Huntington presents numerous convincing arguments to support his belief that
today’s conflicts are determined by civilizations and no longer by ideologies or
economics. He cites examples of religious fighting, the “kin-country syndrome”,
increased economical regionalism, and an Islamic-Confucian military connection.
Regardless of the validity of his points, Said attacks Huntington’s explanation of current
international affairs as “the West versus the rest”. The West is experiencing a period of
military and economic dominance, and many weaker and poorer nations do resent
western hegemony. But to present Western interests as always incompatible with the
interests of the rest of the world, to place the West in a state of perpetual disagreement
with the non-West, is to condemn the West and Islam to a future devoid of mutual
understanding and compromise. Huntington writes, “Western concepts differ
fundamentally from those prevalent in other civilizations”. He ignores both any parallels
between the West and the rest of the world and the fundamental differences between
other civilizations that would inhibit the formation of what he portrays as a worldwide
collation of diverse peoples against the West.

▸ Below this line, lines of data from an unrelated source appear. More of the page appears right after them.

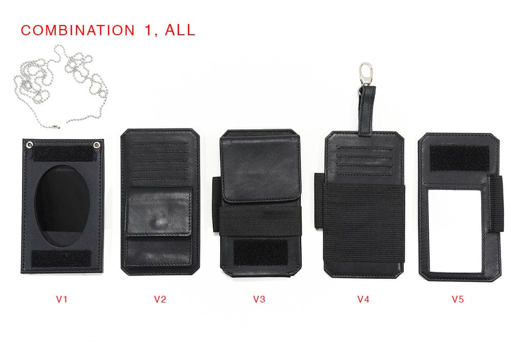 Un portafoglio combi ben ideato in soffice pelle bovina nera. Questo set composto da 5 pezzi può essere acquistato singolarmente o come set intero per l’appunto. I 5 portafogli sono costituiti dalla parte principale V1 con badge ed catenella in acciaio inox che colpisce e veramente unica. La catenella è dotata di una chiusura rapida. La parte principale V1 è dotata di velcro sulla parte posteriore. (Velcro parte morbida).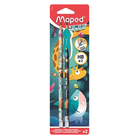 1 kép MAPED Grafitceruza radírral, HB, háromszögletű, ceruzafogóval, MAPED "Jungle Fever", kétféle minta
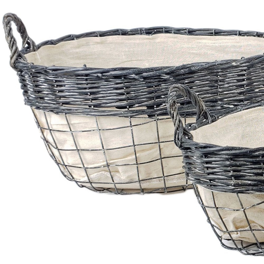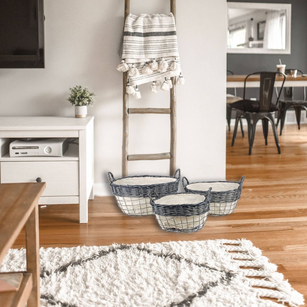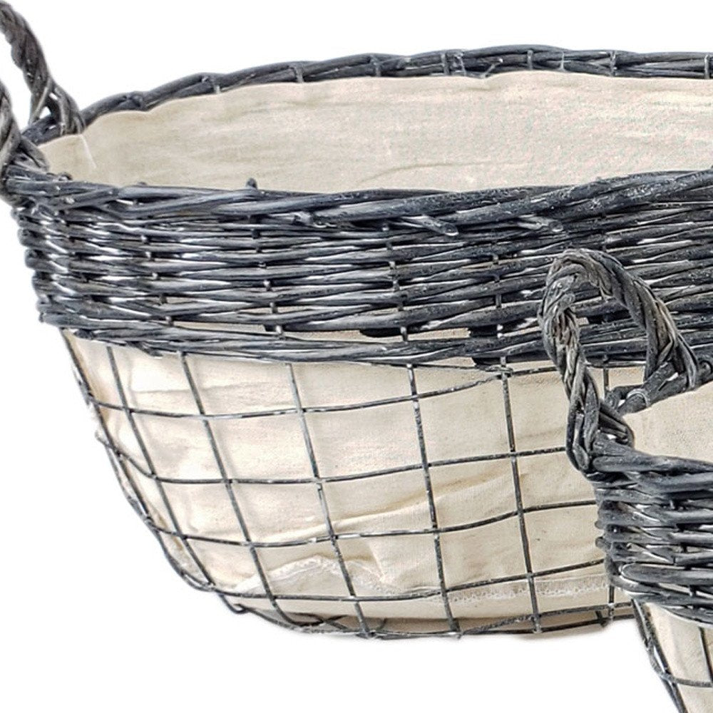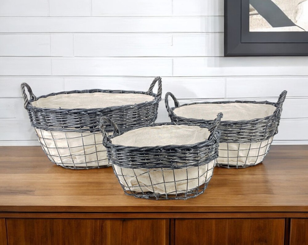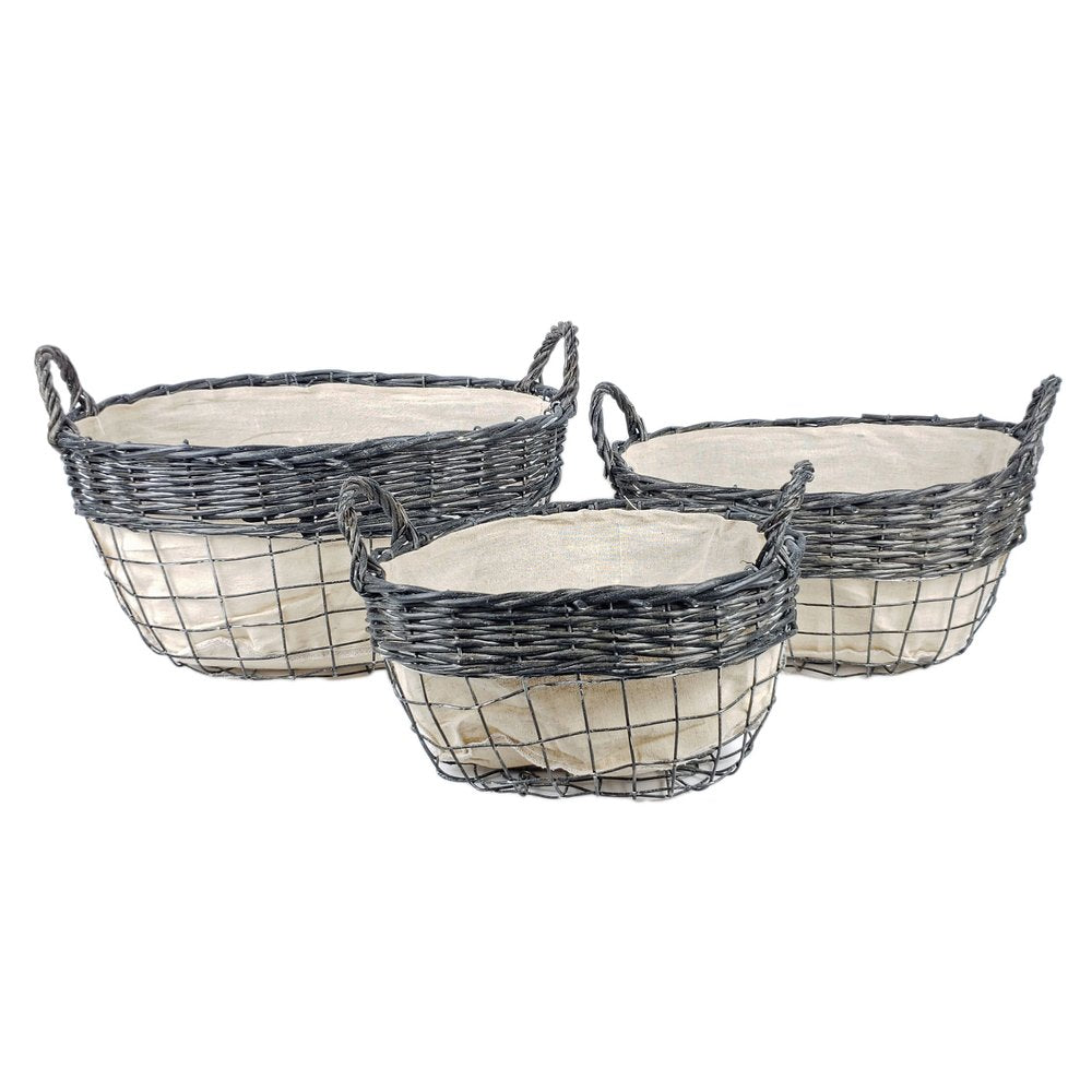 Juego de tres cestas de hierro y mimbre en gris y beige

Huntington concludes his article with a discussion of the West’s long-term goals.
He claims that non-Western nations’ “economic and military strength relative to the West
will increase” as these nations modernize. Consequently, the West will have to
“accommodate these non-Western modern civilizations whose values and interests differ
significantly from those of the West” by developing “an understanding of the basic
religious and philosophical assumptions underlying other civilizations and the ways in
which people in those civilizations see their interests”. Said would agree with
Huntington’s opinion that civilizations “will have to learn to coexist with others”, and he
would agree that mutual understanding between civilizations is essential to harmonious
coexistence. However, he would argue that Huntington’s approach to international
affairs makes this understanding impossible. His generalized labels and portrayal of the
West as a superpower now on the defensive against the rest of the world is, according to
Said, “better for reinforcing defensive self-pride than for critical understanding of the
bewildering interdependence of our time”.